The peak that occurs at 3.16 ppm in the NMR spectra can be immune from the effects of the external magnetic field strength. This is particularly advantageous because the peak can occur in exactly the same chemical shift position i.e. at 3.16 ppm in the NMR spectra at low or high field strengths. Therefore, the peak at 3.16 ppm is particularly useful as marker for detecting the 16-OMC compound in
samples when using different field strengths. In some embodiments, the peak at 3.16 ppm may be a singlet peak in the NMR spectra.
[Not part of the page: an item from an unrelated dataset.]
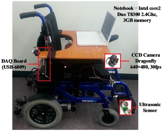 Figure 1 depicts the architecture of the proposed IW system, which consists of a general EPW, a charge-coupled device (CCD) camera, eight ultrasonic sensors, a notebook, and a data acquisition (DAQ) board. By processing the image streaming acquired from the CCD camera, the user can recognize upcoming obstacles and the type of place, thus preventing collisions with diverse obstacles, including walls, pedestrians, and moving vehicles at traffic intersections.
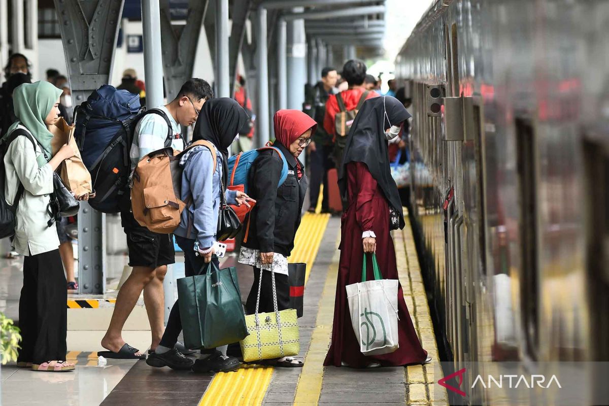 Sejumlah calon penumpang antre menaiki kereta api jarak jauh di Stasiun Pasar Senen, Jakarta Pusat, Sabtu (25/1/2025). PT KAI Daop 1 Jakarta mencatat penumpang kereta api yang berangkat dari Pasar Senen pada Sabtu pagi (25/1) sebanyak 21.496 orang berkenaan dengan masa libur Isra Miraj dan Tahun Baru Imlek 2025. ANTARA FOTO/Fakhri Hermansyah/nym.

In some embodiments, the peak positions at 0.8 to 2.6 ppm, 3.16 ppm and 6.20 ppm can be obtained from the NMR spectra at 60 MHz. In a further aspect of the present invention there is provided, a method of preparing a test coffee sample for authentication, the method comprising
(a) extracting a lipophilic composition of the coffee comprising a marker;
(b) concentrating the extract to produce a test sample; wherein the test sample is capable of being authenticated by detecting the marker in a spectrum.
The extraction process may be a solvent-based extraction for example; it may be a chloroform-based extraction process of lipophilic compositions comprising a marker. In some embodiments, the chloroform may be deuterated. Optionally, the solvent may be hexane, ethanol or methanol. Using hexane, ethanol or methanol can be advantageous because it may be a cheaper solvent to use than chloroform during the extraction of lipophilic compositions. In addition, using hexane or methanol may also permit the extraction process to be carried outside of a fume cupboard.
Alternatively, the solvent may be an aqueous solution. A solvent such as water may be used to extract an aqueous composition of the coffee comprising the marker. In certain examples the solvent may be a mixture of water and a water miscible liquid such as ethanol. In some embodiments, the water or water mixture may be deuterated. As an example, an aqueous-based extraction process can be useful to apply to coffee containing little amounts of lipid content such as instant coffee.
According to another aspect of the invention, there is provided a method of enabling verification of the authenticity of a product, the method comprising scanning the product using low-field NMR spectroscopy and; identifying a marker
of the product in a spectrum.
In a further aspect of the invention, there is provided a method of enabling verification of the authenticity of a coffee product, the method comprising scanning the product using low-field NMR spectroscopy and identifying a marker of the product in a spectrum, wherein the marker is caffeine or 16-OMC.
Preferably, the marker is 16-OMC. In one embodiment, the marker is naturally- occurring.
The method may further comprise scanning the product or an example of the product using low-field NMR spectroscopy to generate spectroscopic data. This may act as a signature of the product, thereby enabling the authenticity of a product to be determined by comparing the signature of the product with a signature of a known authentic product.
The product may be a food or beverage product. Preferably, the product is a beverage product such as coffee. The product may be a mixture of arabica and robusta extract, or it may be a robusta extract, or it may be an arabica extract. In some embodiments, the known authentic product is an arabica extract.
The method may further comprise analysing the spectral fingerprint unique to the marker using Monte Carlo Simulation. In one embodiment, the marker may be a naturally-occurring marker. Analysing the NMR spectra using Monte Carlo Simulation can be an advantage because it provides a statistical analysis of the spectral fingerprint data.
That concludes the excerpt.